Dipimpin langsung Mendagri Tito Karnavian, rapat ini membahas dua hal, bagaimana mengendalikan inflasi yang mulai centil kayak harga cabai rawit di musim kemarau, dan bagaimana menyiapkan rumah untuk rakyat yang penghasilan bulanannya masih berasa seperti kuota gratis dari operator, ada tapi tipis.
Menteri Tito berbicara dengan gaya khasnya tegas, jelas, dan penuh strategi, beliau menegaskan Program 3 Juta Rumah bukanlah sekadar proyek gincu politik yang dibilang “gratis” tapi ternyata nyicil 30 tahun.
Ini program strategis yang serius, seperti hubungan yang sudah dikenalkan ke orang tua. Jadi, daerah harus terlibat bukan hanya sebatas menyimak, tapi juga menyumbang data valid dan tanah yang bukan bekas lapangan sepak bola karang taruna.
Di sinilah letak tantangannya, membangun rumah butuh tanah, dan tanah di banyak daerah kadang sudah penuh oleh ruko, perumahan mewah, atau monumen perjuangan yang bentuknya tak jelas. Namun jangan panik.
Dirjen Perumahan dari Kementerian PUPR, Pak Imran, memberi pencerahan bahwa ada solusi gunakan lahan negara yang nganggur, seperti pakde-pakde yang pensiun dini tapi masih suka duduk di pos ronda, lahan tidur pun bisa dibangunkan kembali untuk menampung rumah rakyat.
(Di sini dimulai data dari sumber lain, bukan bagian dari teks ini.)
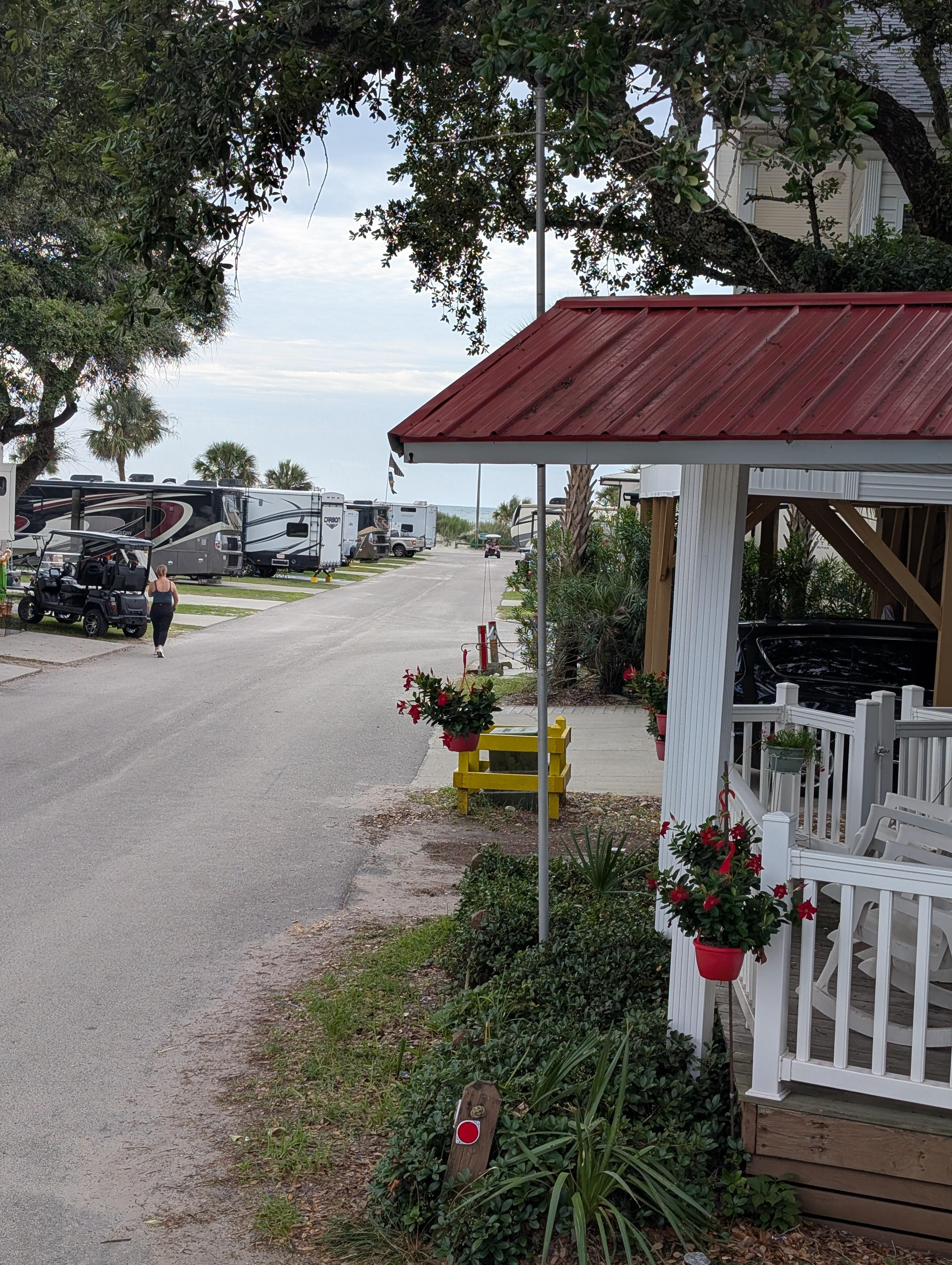The location inside Ocean Lakes was phenomenal!! Close to EVERYTHING! House is just precious. A/C worked really well which is a huge plus for us hot natured folks. The deck is the perfect size to sit on at night and watch all the golf carts go by and then also refreshing in the morning with a great cup of coffee. We’ve never been to Ocean Lakes and now it is a MUST for us to try and visit every chance we get. We’ll definitely book Salty Dogz Chateau again and again.
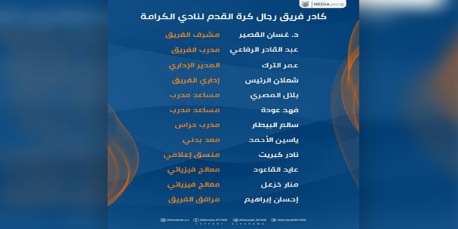 عين نادي الكرامة كادراً تدريبياً جديداً لفريقه الأول بكرة القدم بقيادة المدرب عبد القادر الرفاعي.

Tengok India, di negeri Bollywood itu, mereka punya program Pradhan Mantri Awas Yojana yang sukses membangun jutaan rumah bagi warga berpenghasilan rendah.
Mereka kolaboratif pusat kasih duit, daerah siapkan lahan, warga gotong royong. Bahkan ada skema rumah vertikal dengan rooftop taman cabe dan dapur umum. Nah, ini bisa dicontek, minimal buat inspirasi. Daripada lahan tidur dipakai buat tempat uji nyali, mending jadi kompleks rumah murah rasa nyaman.
Di Indonesia sendiri, Kota Surabaya pernah bikin gebrakan dengan program rumah susun murah yang dekat pasar, sekolah, dan… halte ojek online. Prinsipnya jelas rumah rakyat harus dekat sumber hidup, bukan sumber macet.
Lalu, kita bicara soal inflasi, di Musi Banyuasin, misalnya, IPH naik 3,73% dan yang paling berjasa adalah… cabai rawit. Si kecil mungil merah merona ini ternyata bisa menggetarkan indeks. Bayangkan, cabai rawit menyumbang 0,703%. Bukan main. Ini seperti peran cameo di sinetron yang screentime-nya 30 detik tapi bikin rating melonjak.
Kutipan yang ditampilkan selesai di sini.